The Largest Explosion Witnessed by Mankind

July 17th, 1994; We witnessed the largest collision and explosion ever witnessed by mankind.

Imagine a rock the size of Mt Everest moving at 60 kilometres per second(Yes you read that right), whose impact caused an explosion of energy equivalent to 6,000,000 megatons of TNT(Yes, you read that right too), a fireball larger than our planet, and a temperature of 24000K. The scars to the planet's surface measured as much as 12,000 kilometres across.(Almost the equivalent of three Earths)

Comet Shoemaker–Levy 9 (D/1993 F2) was a comet that broke apart and collided with Jupiter in July 1994, providing the first direct observation of an extraterrestrial collision of Solar System objects. The colossal collision provided new insights about Jupiter and highlighted its role of being the vacuum cleaner/lifeguard protecting the inner Solar System...including us here on Earth!


Comet Shoemaker–Levy 9 was discovered by astronomers Carolyn and Eugene M. Shoemaker and David Levy and was located on the night of March 24, 1993, at the Schmidt telescope at the Palomar Observatory in California.

It was determined that the entire process began 20 – 30 years earlier when the comet was captured by the planet, and eventually due to Jupiter's gravitational forces, broke apart into a string of fragments.

Finally, on July 16, 1994, the first impact occurred at 20:13 UTC, when fragment A of the nucleus entered Jupiter's southern hemisphere at a speed of about 60 km/s.
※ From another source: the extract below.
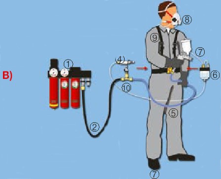 Zarówno powietrze do lakierowania jak i do oddychania uzdatniane jest przez zestaw filtrów dokładnego oczyszczania z węglem aktywnym np. SATA 0/484 (1) następnie przesyłane jest do trójnika (10) rozdzielającego powietrze do węża zasilającego pistolet do lakierowania (5) oraz do wężyka zasilającego i maskę

The ensuing fireball reached a peak temperature of 24,000 K, before expanding and cooling rapidly to about 1500 K after 40 s. The plume from the fireball quickly reached a height of over 3,000 km.


Observers soon saw a massive darkened spot after the first impact. The spot was visible even in very small telescopes and was about 3,700 miles (one Earth radius) across.

Over the next 6 days, 21 distinct impacts were observed, with the largest coming on July 18 at 07:33 UTC when fragment G struck Jupiter. This impact created a giant dark spot over 12,000 km across and was estimated to have released an energy equivalent to 6,000,000 megatons of TNT (600 times the world's nuclear arsenal).

Two impacts 12 hours apart on July 19 created impact marks of similar size to that caused by fragment G, and impacts continued until July 22, when fragment W struck the planet.


Enormous shock waves generated by the collisions swept across the planet at speeds of 450 m/s (1,476 ft/s) and were observed for over two hours after the largest impacts.

Jupiter in its true form, simply shook off the impacts, and it became nothing more than a blemish that faded in a few weeks. The only true long-term effect of the event is it allowed scientists a closer look at the chemical and physical composition of the Planets atmosphere, as well as its water content.

Finally, the massive impact event finally gave the Jovian planet the full credit it deserved in being the safety net for our little planet. The extinction of the dinosaurs at the end of the Cretaceous period is generally believed to have been caused by the Cretaceous–Paleogene impact event which created the Chicxulub crater, demonstrating that at any given moment, we are exposed to the threat of mass planetary-wide extinction, but thankfully due to our very big brother, we have lasted long enough to possibly, and hopefully take over as guardians of our own planet.